## Try it
Pictures excluded, please retype exactly the lines from the start of the data through the line that contains "Haris dan ratusan", both ends kept, and nothing beyond them.

[Data excerpts Boundary: Start]

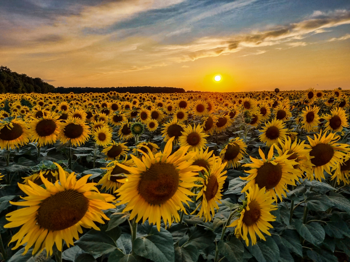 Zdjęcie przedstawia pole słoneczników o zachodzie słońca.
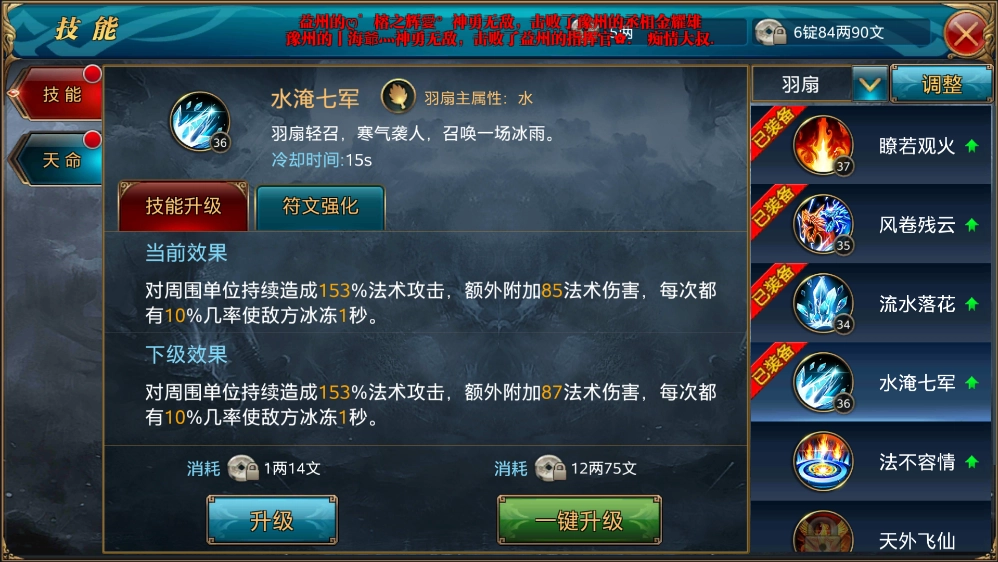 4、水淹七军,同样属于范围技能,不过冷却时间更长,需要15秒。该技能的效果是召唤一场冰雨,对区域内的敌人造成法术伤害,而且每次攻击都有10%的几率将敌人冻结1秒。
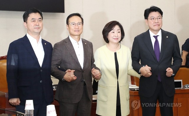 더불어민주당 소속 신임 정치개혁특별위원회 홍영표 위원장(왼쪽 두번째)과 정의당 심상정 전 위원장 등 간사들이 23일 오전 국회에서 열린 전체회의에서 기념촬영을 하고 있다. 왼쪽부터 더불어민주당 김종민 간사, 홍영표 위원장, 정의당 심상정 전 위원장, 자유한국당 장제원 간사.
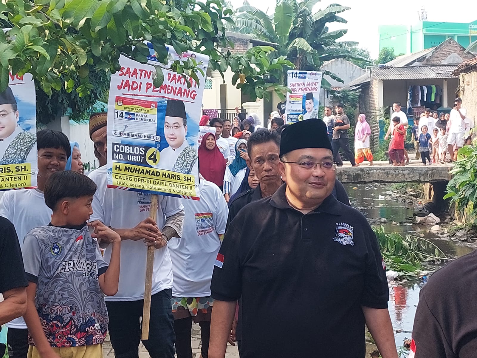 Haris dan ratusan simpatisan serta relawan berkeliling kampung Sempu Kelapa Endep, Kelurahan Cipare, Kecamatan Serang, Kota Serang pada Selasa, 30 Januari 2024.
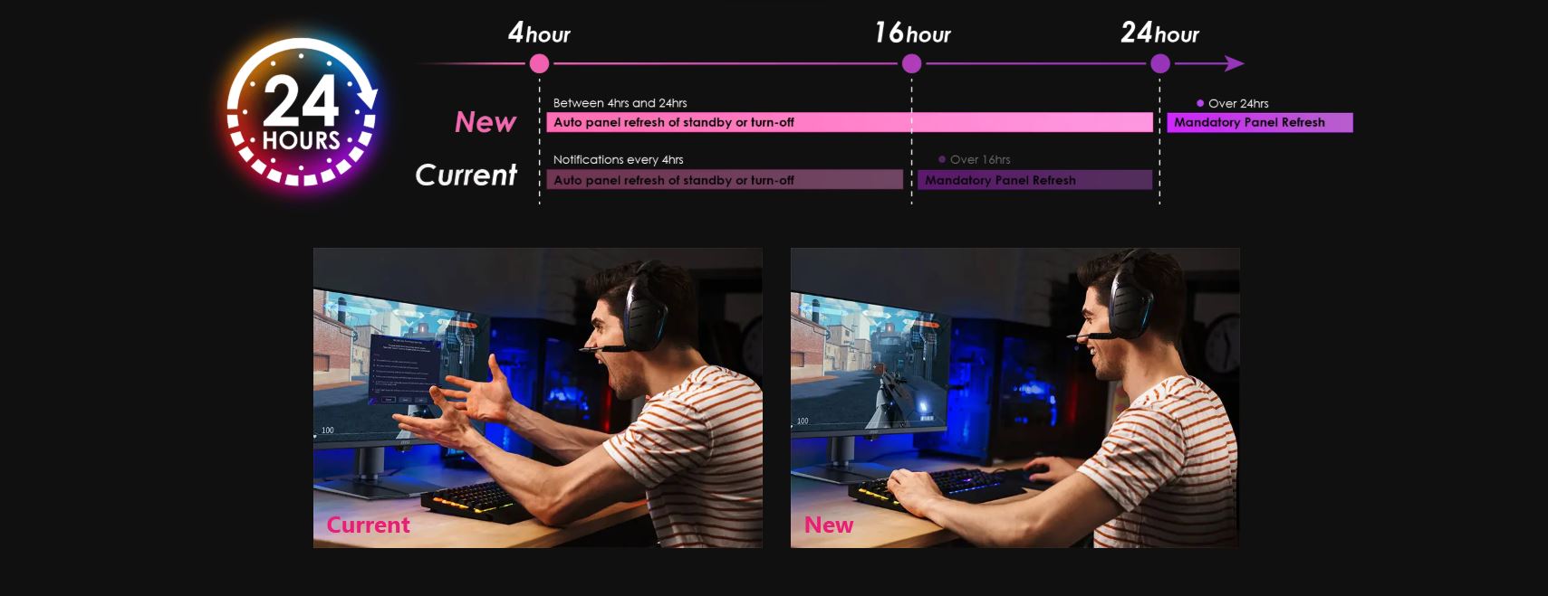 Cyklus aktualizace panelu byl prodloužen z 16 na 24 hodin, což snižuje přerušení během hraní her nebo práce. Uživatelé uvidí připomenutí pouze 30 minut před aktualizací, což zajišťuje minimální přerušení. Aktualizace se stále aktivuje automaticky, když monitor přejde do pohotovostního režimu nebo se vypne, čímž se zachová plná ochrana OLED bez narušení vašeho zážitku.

[Data excerpts Boundary: End]

## Exercise answer
 Zdjęcie przedstawia pole słoneczników o zachodzie słońca.
 4、水淹七军,同样属于范围技能,不过冷却时间更长,需要15秒。该技能的效果是召唤一场冰雨,对区域内的敌人造成法术伤害,而且每次攻击都有10%的几率将敌人冻结1秒。
 더불어민주당 소속 신임 정치개혁특별위원회 홍영표 위원장(왼쪽 두번째)과 정의당 심상정 전 위원장 등 간사들이 23일 오전 국회에서 열린 전체회의에서 기념촬영을 하고 있다. 왼쪽부터 더불어민주당 김종민 간사, 홍영표 위원장, 정의당 심상정 전 위원장, 자유한국당 장제원 간사.
 Haris dan ratusan simpatisan serta relawan berkeliling kampung Sempu Kelapa Endep, Kelurahan Cipare, Kecamatan Serang, Kota Serang pada Selasa, 30 Januari 2024.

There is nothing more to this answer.